Another odd wrinkle is that when forced into a direct confrontation, killing the dinosaurs is not the only means of dealing with them. In addition to standard ammunition, tranquilizer darts can be loaded into the shotgun obtained fairly early on. A few small darts will slow a charging enemy down some, buying time to escape, or several can be combined to make a more potent dosage, capable of instantly dropping a raptor in a single shot, and keeping it asleep for up to ten minutes. The actual duration is largely random, but again, with careful planning and conservation, a combination of tranquilizers and proper route planning make it possible to survive the entire game without ever taking, or dealing damage, outside of certain set piece sequences. This can make the action feel somewhat too easy compared to Resident Evil, but there's a lot to be said for enabling multiple play styles in any game.
|
Between the relatively light action for games of this sort and the fact that dinosaurs simply aren't unsettling in the same way as a horde of mindless undead or reality warping supernatural event, Dino Crisis really isn't particularly scary for a horror game. It still manages a few shocking surprises, usually delivered by the intimidatingly large and destructive Tyrannosaurus Rex which manages to put in an impressive number of appearances for being too large to possibly fit inside the building, but the central premise is hard to take very seriously. Refreshingly, the various characters within the game share this sentiment, and spend the whole game in a generally upbeat mode. The main character in particular has an astoundingly chipper disposition, and will routinely crack jokes in a bubbly tone even when looking at severely mangled corpses and barely escaping dangerous situations.

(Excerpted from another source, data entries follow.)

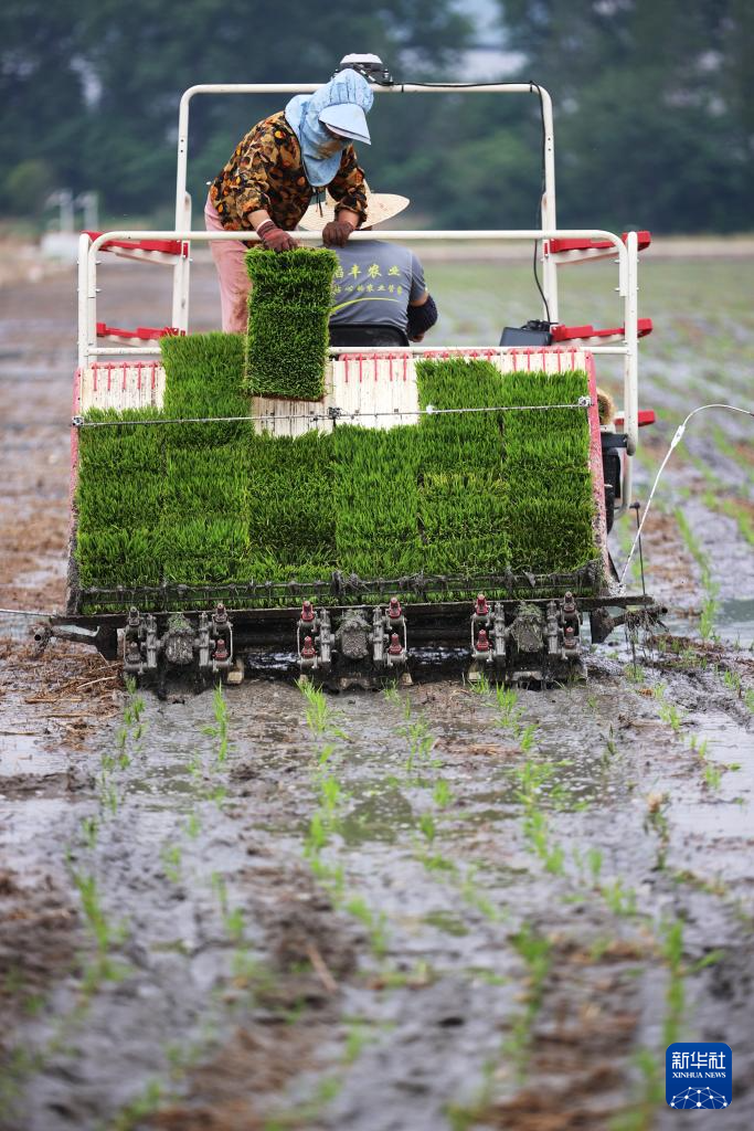 5月30日,在浙江省湖州市吴兴区东林镇保国村,农民驾驶插秧机在田里插秧。
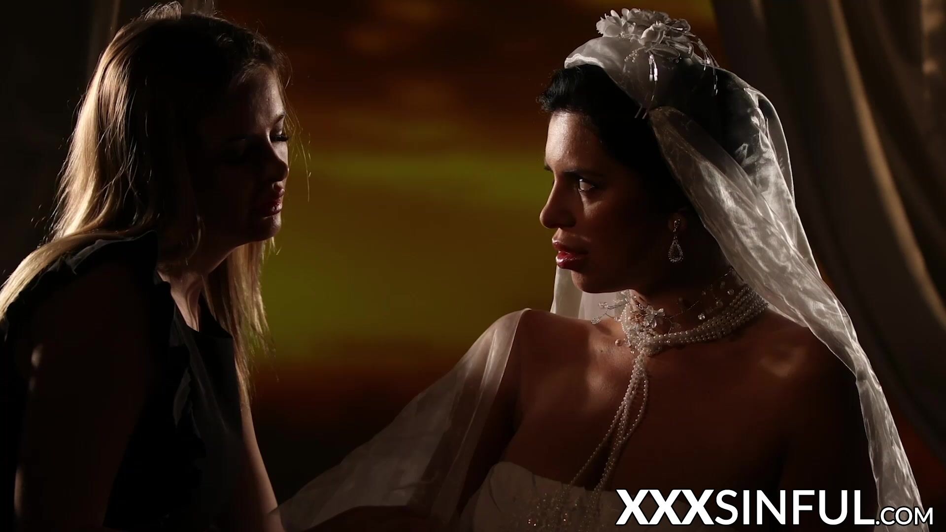 Beautiful lesbian couple moans while kissing and scissoring
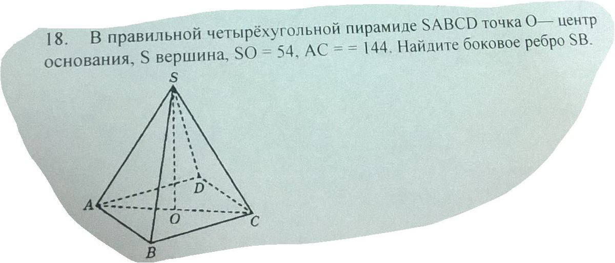 В правильной четырёхугольной пирамиде SADCD точка О -центр основания,S - вершина, SO =54, AC=144 . Найдите боковое ребро SB.

All in all, Dino Crisis is actually a very refreshing deviation from the tone and pacing of most horror games, and it serves nicely as either an introduction to the genre for those who normally stick to less stressful adventure games, or a nice challenge to the more action oriented. Regrettably, while it did receive three sequels, all drop the puzzle solving aspect of the game to focus on straight-up action, mowing down everything in sight with heavy weaponry. The spinoff Dinosaur Survivor is a light gun game, and in a rather baffling move, the third game manages to deviate even further from the original by not only being a straight action game, but also rather bafflingly taking place in deep space. The closest thing to a spiritual successor is Resident Evil: Code Veronica, which was developed in close proximity and expounds on some of the concepts introduced in Dino Crisis, most notably the abandonment of pre-rendered backgrounds, allowing for dynamic camera work, which both games use quite effectively. Unfortunately, redrawing the map constantly and the color coded inventory management system however are concepts sill unique to Dino Crisis to date.